“Oh, your algorithm update is reducing sales and usage? Send it!’

Photo: Solen Feyissa / Unsplash

“Measure what matters and what you measure.” There are a number of similar quotes out there that talk about how tracking a KPI in a company makes employees focus more on it, let alone having an explicit incentive structure associated with goals. For example, if boards are interested in ideals like diversity and culture, they should work with CEOs to make sure those stats are top notch citizens on company dashboards alongside sales and profits.

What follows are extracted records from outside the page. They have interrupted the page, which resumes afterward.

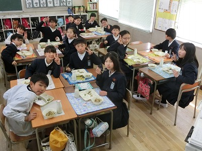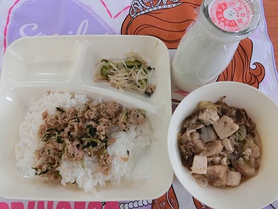 すき焼き煮は、とっても贅沢な献立でした。たっぷりの牛肉に、白菜、とうふ、白ネギ、糸こんにゃく、ふ、まいたけ、が入っていました。すき焼きは大好物です。味付けもしっかりしており、ごはんのおかずにピッタリでした。味の浸みこんだ「ふ」もよかったです。また、中には、ごはんにかけて即席のすき焼き丼にしている子もいました。
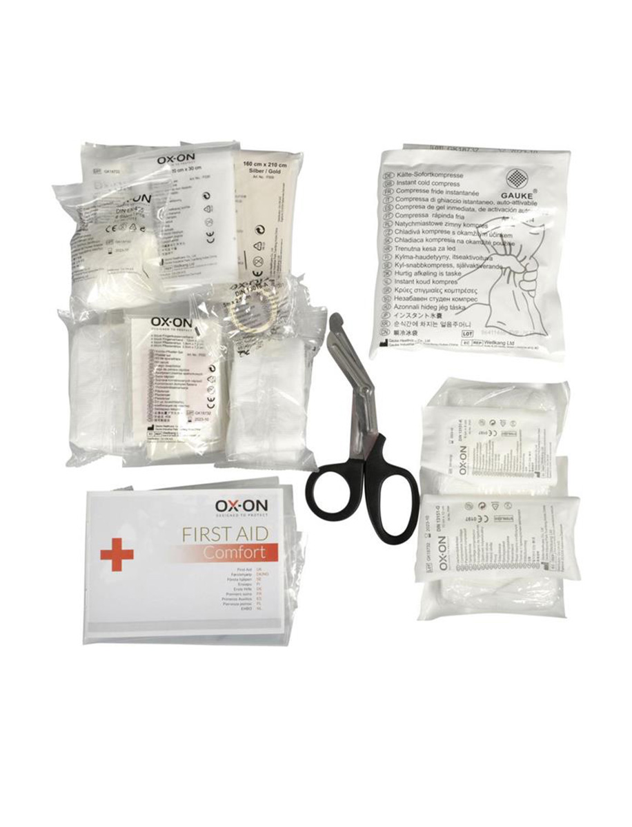 OX-ON First Aid Pro refill bag Comfort är en påse för påfyllning av OX-ON First Aid Pro Box Comfort (346.50). Påsen innehåller alla de saker som finns i första hjälpen-väskan, så att du kan vara säker på att alltid ha all viktig första hjälpen-utrustning till hands. Påsen uppfyller DIN 13157-standarden.
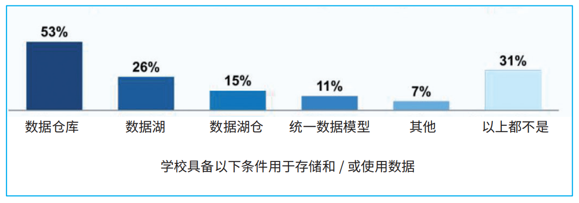 利用数据促进学生成功。超半数CTO表示,学校在以下方面进展良好:有效运用数据支持学生成功(60%),有效运用数据指导重要决策(56%),建立支持分析需求的数据职能架构(52%),将数据分析列为战略重点(52%)。36%的CTO认为学校采取了积极的措施营造数据文化。关于数据存储方式与位置,53%的CTO表示拥有数据库,26%的CTO表示拥有数据湖。仅11%的高校采用统一数据模型,可减少数据孤岛并提升数据治理水平。
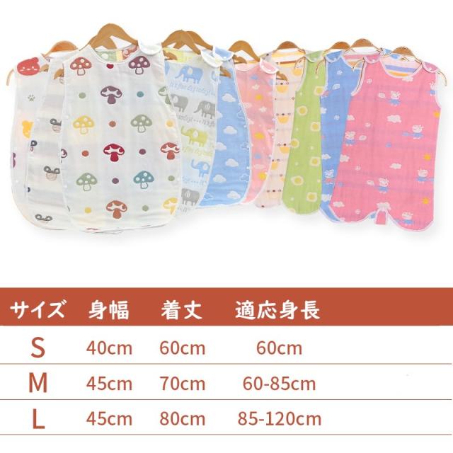 | サイズについての説明 | ハンスパンプキン夏用クールスリーパー 2WAYオール型 0歳,1歳,2歳,3歳,4歳,5歳 適応 お子様の安眠を一番に考えデザインされた機能性素材を使用したハイクオリティースリーパー ■サイズ(+-2cm程の誤差あり) S:身幅40cm 着丈60cm 適応身長60cm M:身幅45cm 着丈70cm 適応身長60~85cm L:身幅45cm 着丈80cm 適応身長85~120cm ■ 夏は涼しく、冬は暖かい パジャマと布団の良いところをかけ合わせた新しい寝間着です 綿100%の柔らかい6重ガーゼ構造なので通気性と保温性に優れています スナップボタン式でガバッと開けるので寝ている状態でも着脱できます おもらし対策 寝冷え対策に 柄により、左右開き、ボタン数など、細部デザインは異なります |
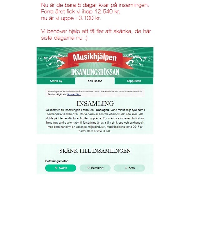 • Musikhjälpen, 5 dagar kvar.
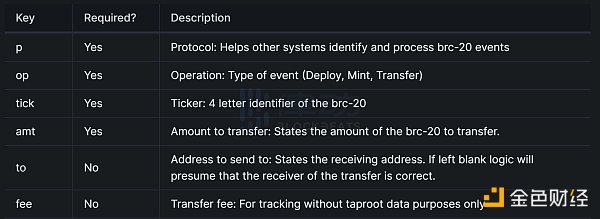 「fee」:转账费用。非必须包含的关键词,该关键词定义转账费用数额。目前,该关键词只是为了用于 Dune 看板的数据跟踪测试(在没有 Taproot 数据的情况下)。
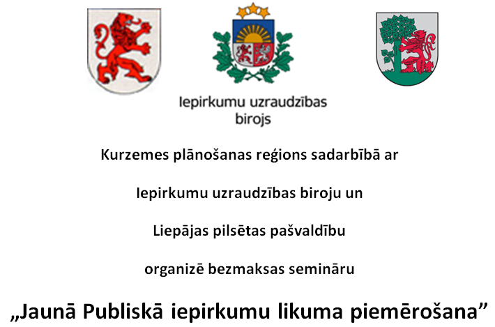 Kurzemes plānošanas reģions aicina uz bezmaksas semināru „Jaunā Publiskā iepirkumu likuma piemērošana”, kas notiks š.g. 23.martā Liepājā.
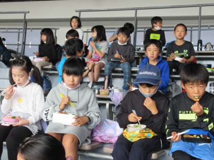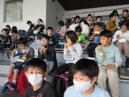 子どもたちの楽しみの一つであるお弁当。朝早くからありがとうございました。各クラス,グループごとに仲良く食べました。
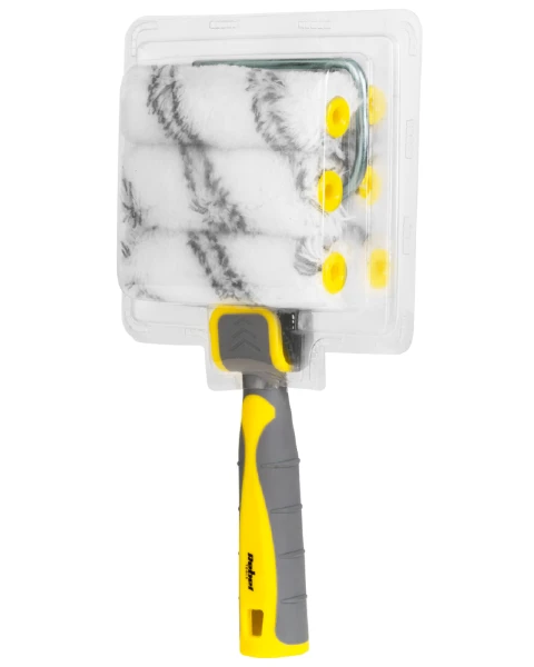 Zestaw zawiera także rękojeść, która pozwala na łatwe i wygodne trzymanie wałków podczas malowania. Rękojeść jest ergonomicznie zaprojektowana, co zapewnia komfort pracy.

It’s even more difficult when you can’t agree on what the right metric should be. As I wrote earlier, one of the problems we face as an industry is measuring the current Web 3.0 with Web 2.0 dashboards. Misinformation, trolling, harassment, polarization and the resulting negative effects – none of them are as easy to define as CTR or CPM. I myself fell victim to this victim during my time as the head of the consumer goods team at YouTube. When the leadership of Google asked us to stop focusing only on user growth and increase monetization as well, the team we had offloaded to fund the new effort worked on the comment system. Yes, YouTube comments that mostly resulted in lots of attributions, profanity, and worse. We all wanted it to get better, but why did I sacrifice this project on short notice? Because it wasn’t tied to a first-level KPI, such as B. Earnings, Uploads or Playbacks. So it had to wait.

But what if you have the right metric, for example to measure the negative externalities of a product, but it turns out that the number loosely correlates negatively with your business KPIs? For example, if polarizing content leads to more short-term engagement, which leads to more active users, which leads to more ad revenue? It’s not crazy to wonder about this, and while I don’t think it’s a real correlation or that our social platforms are deliberately running on the efficient line of anger and profit, I always wonder what the margin pressures, say, are for reasonable investment means in trust and security.

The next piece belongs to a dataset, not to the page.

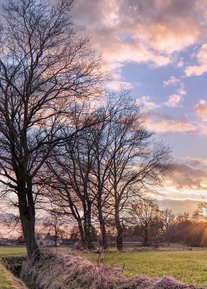 paysage agraire avec un fossé et arbres pendant un coucher de soleil par Tony Vingerhoets
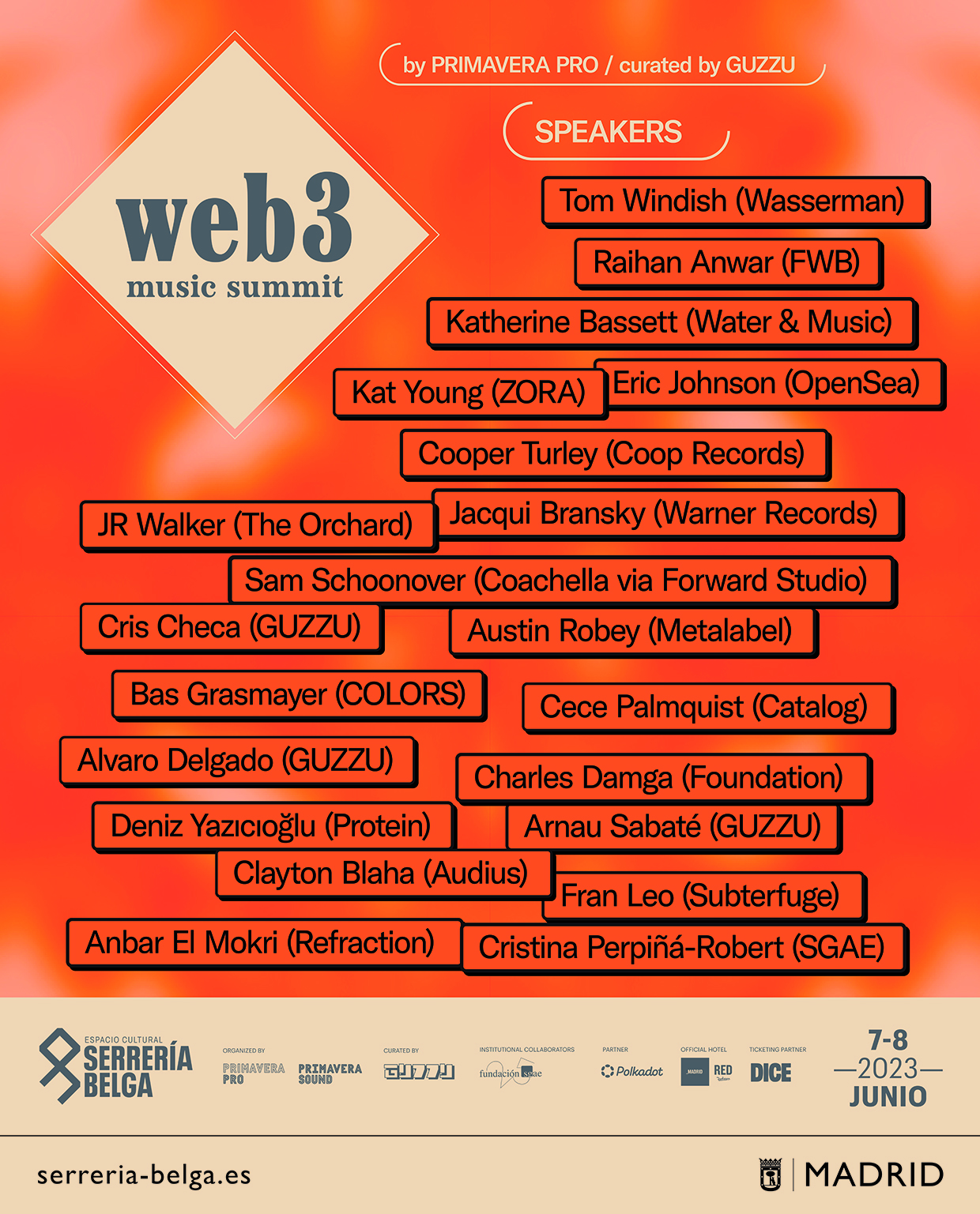 El Espacio Cultural Serrería Belga acogerá el 7 y 8 de junio Web3 Music Summit, un congreso organizado por Primavera Pro en colaboración con GUZZU y con el apoyo del Ayuntamiento de Madrid y Fundación SGAE. El encuentro pondrá la mirada en la colaboración y la innovación en el sector musical y abordará, por primera vez en España, las oportunidades que surgen al conectar la Web3 (una forma superior de la Web que promete ser más rápida, más segura y más privada) y la música.

Casey Newtons Platformer Article about Facebook’s Responsible AI team provoked a combination of eagerness and skepticism. I fear that even if these teams are actually able to study and challenge internally held beliefs about their products, they cannot make changes that negatively impact business metrics. That means we want responsibility, but only if this does not endanger the share price. I’m not just saying this (or specifically) about Facebook, but more generally about the complexity of incentives within a company. Yes, it’s also true that companies are already making decisions to balance user experience with monetization. During my time at Google and YouTube, there have been numerous experiments with ad loading, placement, etc., and the company has never maximized immediate costs when doing a disproportionately negative impact on user engagement or advertisers’ ROI, for example. Greedy in the long term, I guess, not in the short term.

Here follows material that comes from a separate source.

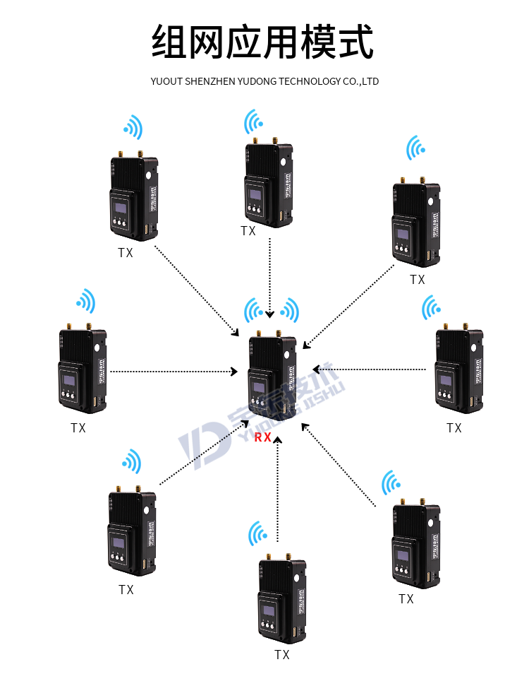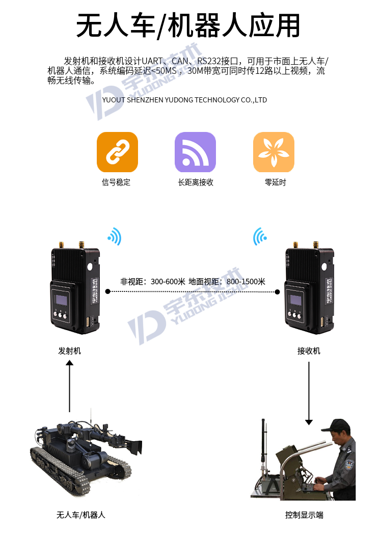 YDTD8000宇東視頻數據無線圖傳系統采用工業級無線高速率數據傳輸技術,非視距,非WIFI,集合正交頻分復用時分多址調制及MIMO多進多出容量技術,完全基于IP互聯網協議,實現全雙向透明通道寬帶傳輸。非視距:300-600米;地面視距:800-1500米;空對地:5000米。系統為純硬件連接,即插即用;創新性液晶一體化設計、豐富的CAN總線、RS-232、TTL電平接口,更好的用戶角度體驗。通道最大支持30Mbps吞吐量,可廣泛應用于工業自動化、工業機器人、無人機、視頻監控等通信工作。

But back to that question, how do you give a team like Responsible AI the ability to cut dollars, engagement, or growth if it believes doing so has a positive impact on fairness, accountability, or any other metric it is responsible for managing. I have an idea: a budget.

Yes, a budget! Teams like this should be tasked with spending up to an amount set annually. That doesn’t mean they have to spend it. Indeed, many profits in this example can be sales neutral or even sales positive. But let them make decisions that are consistent with their mandate without having to implicitly (or explicitly) defend why they are causing the company to leave dollars on the table.

Look, I know this is a strange concept and has all sorts of secondary effects: other changes are made elsewhere in the company to recapture the “lost” revenue that turns out to be other negative externalities. It reaffirms the idea that fairness comes at the cost of revenue and may allow other teams to give up their “responsibility” and let that separate AI team just “fix” everything. Maybe we’re getting to a point where it’s more about carbon offsetting, where each product team has to manage their own responsibility budget and there is a single market where responsibility points can be traded. New challenges require new solutions, and in those cases I think you need to control business anthropology, not just business algorithms.